Data records:
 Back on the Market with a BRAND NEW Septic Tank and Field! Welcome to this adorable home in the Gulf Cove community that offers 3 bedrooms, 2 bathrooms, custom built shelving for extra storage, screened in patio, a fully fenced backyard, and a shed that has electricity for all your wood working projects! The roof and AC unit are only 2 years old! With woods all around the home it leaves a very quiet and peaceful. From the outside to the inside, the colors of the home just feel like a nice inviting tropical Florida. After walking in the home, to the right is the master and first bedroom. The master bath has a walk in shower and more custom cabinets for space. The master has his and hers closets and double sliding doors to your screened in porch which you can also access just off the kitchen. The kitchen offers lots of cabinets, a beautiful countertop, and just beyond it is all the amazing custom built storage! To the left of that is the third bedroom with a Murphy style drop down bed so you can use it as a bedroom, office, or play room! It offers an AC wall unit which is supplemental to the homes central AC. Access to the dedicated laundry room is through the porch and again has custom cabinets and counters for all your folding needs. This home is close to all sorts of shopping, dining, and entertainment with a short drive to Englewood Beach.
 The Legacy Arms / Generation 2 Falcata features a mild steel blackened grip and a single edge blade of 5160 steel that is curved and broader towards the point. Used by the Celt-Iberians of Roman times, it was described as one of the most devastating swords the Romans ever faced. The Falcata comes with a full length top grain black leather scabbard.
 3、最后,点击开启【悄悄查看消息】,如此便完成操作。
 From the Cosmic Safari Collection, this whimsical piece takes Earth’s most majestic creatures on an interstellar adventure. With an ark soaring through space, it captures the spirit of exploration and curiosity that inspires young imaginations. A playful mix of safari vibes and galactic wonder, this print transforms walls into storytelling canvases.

* * *

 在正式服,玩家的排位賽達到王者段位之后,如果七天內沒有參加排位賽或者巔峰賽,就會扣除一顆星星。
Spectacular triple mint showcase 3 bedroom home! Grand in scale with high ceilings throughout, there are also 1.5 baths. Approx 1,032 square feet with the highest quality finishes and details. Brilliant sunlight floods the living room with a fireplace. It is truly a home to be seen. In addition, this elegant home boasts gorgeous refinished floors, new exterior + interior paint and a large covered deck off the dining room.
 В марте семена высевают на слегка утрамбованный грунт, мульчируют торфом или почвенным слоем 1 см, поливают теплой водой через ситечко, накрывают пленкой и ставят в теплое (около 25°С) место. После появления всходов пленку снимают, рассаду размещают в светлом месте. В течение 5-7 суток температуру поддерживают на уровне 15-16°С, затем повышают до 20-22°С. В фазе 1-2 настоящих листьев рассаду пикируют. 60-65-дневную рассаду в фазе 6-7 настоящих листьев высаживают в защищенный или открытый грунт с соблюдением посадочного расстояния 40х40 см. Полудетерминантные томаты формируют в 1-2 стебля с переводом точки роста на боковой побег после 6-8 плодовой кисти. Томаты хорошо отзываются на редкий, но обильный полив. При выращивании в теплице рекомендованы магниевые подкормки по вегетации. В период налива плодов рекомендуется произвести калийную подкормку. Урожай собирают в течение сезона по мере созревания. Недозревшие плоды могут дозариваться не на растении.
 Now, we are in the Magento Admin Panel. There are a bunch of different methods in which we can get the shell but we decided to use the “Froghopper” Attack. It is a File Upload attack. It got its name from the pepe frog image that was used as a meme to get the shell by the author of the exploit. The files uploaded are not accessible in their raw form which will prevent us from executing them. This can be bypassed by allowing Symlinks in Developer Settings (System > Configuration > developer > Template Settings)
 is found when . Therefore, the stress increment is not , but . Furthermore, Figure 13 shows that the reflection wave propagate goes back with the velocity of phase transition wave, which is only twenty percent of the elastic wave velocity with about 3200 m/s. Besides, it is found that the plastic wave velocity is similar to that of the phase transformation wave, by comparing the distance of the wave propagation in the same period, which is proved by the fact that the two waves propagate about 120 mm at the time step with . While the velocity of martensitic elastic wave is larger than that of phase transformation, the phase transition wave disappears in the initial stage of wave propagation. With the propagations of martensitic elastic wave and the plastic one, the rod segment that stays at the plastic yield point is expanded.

Exercise goal: Within the data above, the lines from the one with "在正式服,玩家的排位賽達到王" to the one with "Now, we are" must be repeated exactly; no other line belongs in the answer.

The completed task:
 在正式服,玩家的排位賽達到王者段位之后,如果七天內沒有參加排位賽或者巔峰賽,就會扣除一顆星星。
Spectacular triple mint showcase 3 bedroom home! Grand in scale with high ceilings throughout, there are also 1.5 baths. Approx 1,032 square feet with the highest quality finishes and details. Brilliant sunlight floods the living room with a fireplace. It is truly a home to be seen. In addition, this elegant home boasts gorgeous refinished floors, new exterior + interior paint and a large covered deck off the dining room.
 В марте семена высевают на слегка утрамбованный грунт, мульчируют торфом или почвенным слоем 1 см, поливают теплой водой через ситечко, накрывают пленкой и ставят в теплое (около 25°С) место. После появления всходов пленку снимают, рассаду размещают в светлом месте. В течение 5-7 суток температуру поддерживают на уровне 15-16°С, затем повышают до 20-22°С. В фазе 1-2 настоящих листьев рассаду пикируют. 60-65-дневную рассаду в фазе 6-7 настоящих листьев высаживают в защищенный или открытый грунт с соблюдением посадочного расстояния 40х40 см. Полудетерминантные томаты формируют в 1-2 стебля с переводом точки роста на боковой побег после 6-8 плодовой кисти. Томаты хорошо отзываются на редкий, но обильный полив. При выращивании в теплице рекомендованы магниевые подкормки по вегетации. В период налива плодов рекомендуется произвести калийную подкормку. Урожай собирают в течение сезона по мере созревания. Недозревшие плоды могут дозариваться не на растении.
 Now, we are in the Magento Admin Panel. There are a bunch of different methods in which we can get the shell but we decided to use the “Froghopper” Attack. It is a File Upload attack. It got its name from the pepe frog image that was used as a meme to get the shell by the author of the exploit. The files uploaded are not accessible in their raw form which will prevent us from executing them. This can be bypassed by allowing Symlinks in Developer Settings (System > Configuration > developer > Template Settings)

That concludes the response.